What you are asked to do -> For the entries that follow, retype exactly the lines from the one containing "Vol.1 (May-June - JYH)" to the one containing "Gold color Kurta", inclusive, and only those. Images stay out of the copy.

[Excerpts from a dataset]
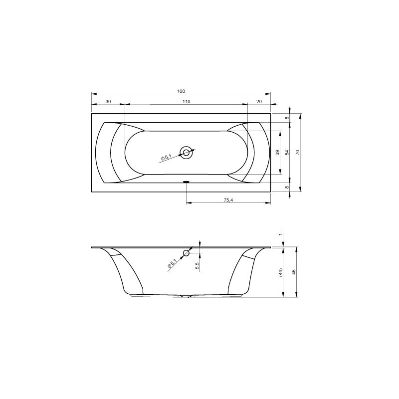 вариант 160x70-белый: арт. B140001005 ванна прямоугольная Linares 160
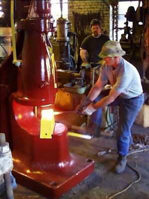 Vol.1 (May-June - JYH) Vol.2 ABANA Vol.3 Camp Fenby Vol.4 ABANA Late Vol. 5 PABA Edition Vol. 6 AFC Edition Page 2 Coverage of YOUR Event Page 3 Oklahoma comes to Virginia Page 4 Things from New Zealand (LEFT) "New" 500 pound Chambersburg Utility Hammer at Greenwood Ironworks. |
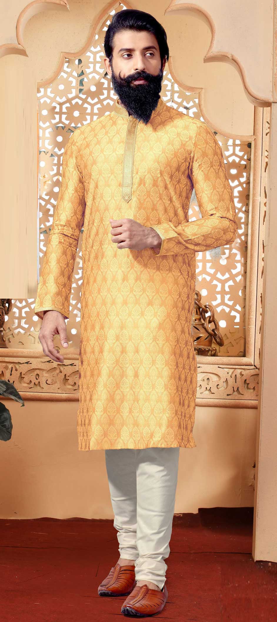 Gold color Kurta Pyjamas in Jacquard fabric with Weaving work
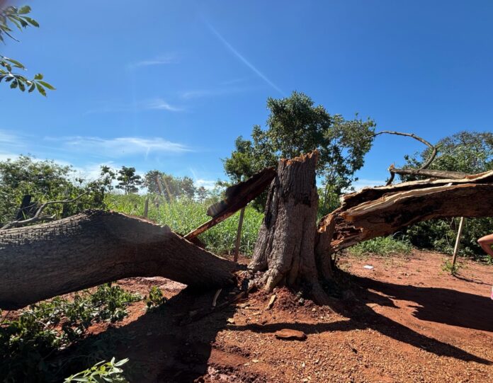 Por volta das 7h, a equipe foi acionada para atender a queda de uma árvore de grande porte, com mais de 30 anos, que desabou durante a madrugada. No local, os militares constataram que o tronco estava comprometido, oco e deteriorado, o que teria provocado a queda.
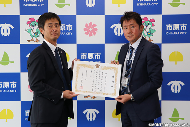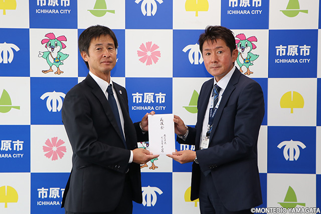 2019年9月29日ホームゲーム甲府戦での「令和元年台風15号」災害義援金募金活動で頂戴した義援金について、皆様からの義援金に選手・スタッフ、クラブからの義援金を加え、千葉県市原市様に20万円、館山市様に20万円を先日お届けしました。
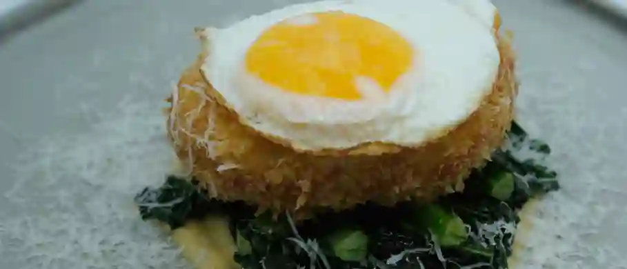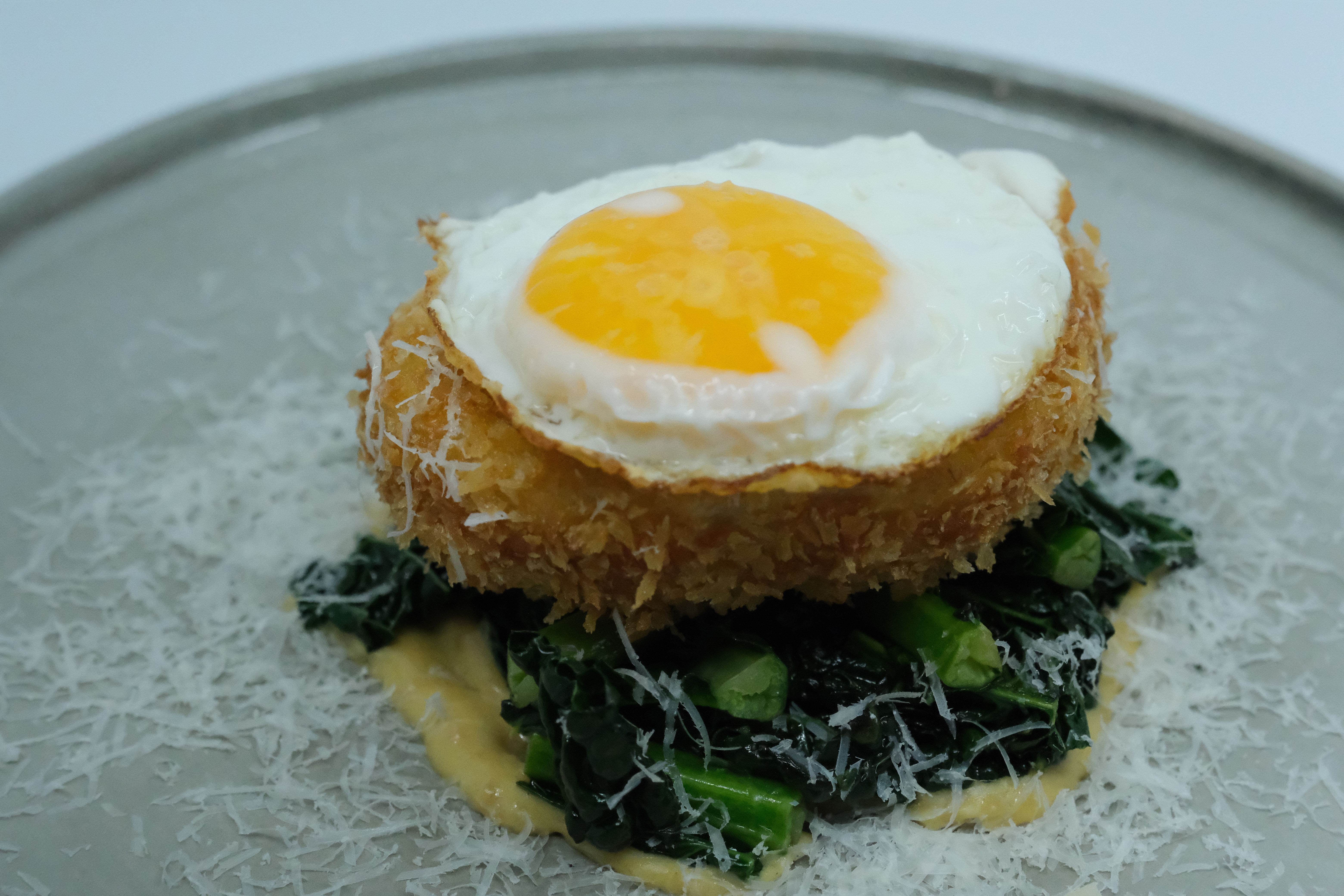 "3 Gode med Selleri" Selleri i Panko med palmekål, lagret ost, spejlæg og sennepsvinaigrette

Exercise answer ->
 Vol.1 (May-June - JYH) Vol.2 ABANA Vol.3 Camp Fenby Vol.4 ABANA Late Vol. 5 PABA Edition Vol. 6 AFC Edition Page 2 Coverage of YOUR Event Page 3 Oklahoma comes to Virginia Page 4 Things from New Zealand (LEFT) "New" 500 pound Chambersburg Utility Hammer at Greenwood Ironworks. |
 Gold color Kurta Pyjamas in Jacquard fabric with Weaving work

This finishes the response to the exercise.